Tikkun Magazine, September/October 2009
by Graeme Taylor
Sustainability and Ethics
We can't separate the issue of sustainability from ethics. The reason why the global system will inevitably collapse is because it is organized by destructive values.
A culture that values shopping over survival is doomed.
In the world today the dominant view is that reality is a hierarchy of separate objects, rather than a holarchy of interrelated systems. In this alienated reality, competition for power and resources is viewed as the natural state of existence, as is the exploitation of the weak by the strong. The popular media accept that it is normal for billionaires to hoard wealth in a world full of hungry children, and for weapons of mass destruction to be developed in tandem with the mass extinction of species.

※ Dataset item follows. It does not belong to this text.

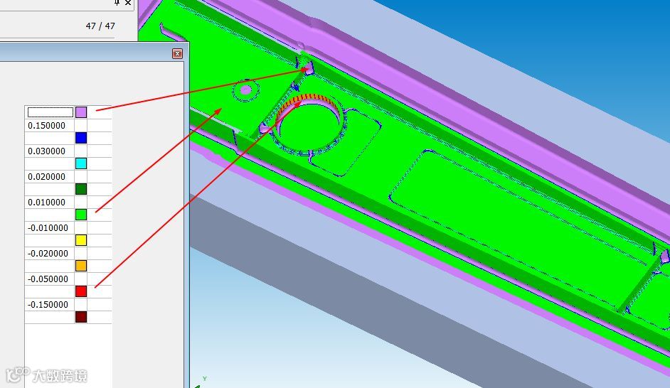 Cimatron 在机床仿真模块里,提供了自动比对功能,可以准确地反映出实际的加工结果。

The industrial system has improved living standards for much of the world's population, but at the cost of ruined cultures, communities, and ecosystems. We now have more but belong less. Many people feel alienated from their families, from their work, from nature, and from spirituality. Because emotional, intellectual, and spiritual needs can only be satisfied through actions that develop community, creativity, and faith, a life of consuming will always leave people feeling empty and incomplete. And people who are alienated from themselves and each other will never feel satisfied and will never stop consuming.
In our materialistic age, the majority of people place more faith in money than in God. As a result, criticizing the accumulation of wealth has become a modern form of heresy. Politicians, business leaders, and teachers who speak against the consumer society are putting their careers at risk. All the material resources and scientific knowledge needed to resolve the major problems on the planet have been available for decades, but the will to change the political and economic priorities of society has not. So increasing global wealth has been accompanied by increasing global poverty.
We will only be able to prevent global collapse if global resource consumption is kept within sustainable limits. Businesses and consumers are not able to determine these limits because markets are mechanisms for determining economic prices, not ecological sustainability. It will only be possible to reduce total resource consumption if consumer values and behaviors change, and if markets are provided with clear regulatory and financial guidance.
Regulating economic activities is neither a new nor a radical idea. Because our societies recognize that not everything can be efficiently managed by market forces, governments already build and operate roads, schools, and emergency services. They also regulate every type of business, from railways to restaurants. Every society considers that wars and natural disasters are too important to be left to private interests and markets. With the future of humanity at stake, we now need to ensure that markets serve the interests of society and not the other way around.
Our economic and accounting systems are a part of the problem rather than the solution. Accounting systems that value existing material wealth but not the future of our children are both dangerous and flawed. Their failure to value other life forms puts the survival of our own species at risk. Their failure to place any value on love, trust, justice, faith, and sacrifice robs us of the vision to avert disaster and preserve life on earth.
Choosing Life and Hope
The challenges we face are enormous, but not insurmountable. Although time is not on our side, the accelerating pace of change works both ways. Not only is there increasing destruction, but also growing awareness and more and more constructive innovation. New system-based views, values, social structures, and technologies are emerging all over the planet. The process of transformation has already begun.
However, it will not be easy to make the transition from economic growth based on increasing resource consumption to economic growth based on increasing efficiencies. This enormous technological and cultural transformation will require the mobilization of entire nations and the reorganization of the global economic system. But this type of effort has succeeded before.
Americans have not always taken the easiest path. In World War II our parents and grandparents didn't ask whether the war would cost too much, or wait for the rest of the world to join the fight. Then Americans simply agreed that losing the war was not an option, no matter what sacrifices needed to be made. If our children are to have a future, we must act with the same courage and commitment now.
But we must act now. Dr. Rajendra Pachauri, chair of the Intergovernmental Panel on Climate Change, says: "If there's no action before 2012, that's too late. What we do in the next two to three years will determine our future. This is the defining moment."
Graeme Taylor is the coordinator of BEST Futures (www.bestfutures.org). His book Evolution's Edge: the Coming Collapse and Transformation of Our World won the Independent Publisher's 2009 Gold Medal for the book "most likely to save the planet."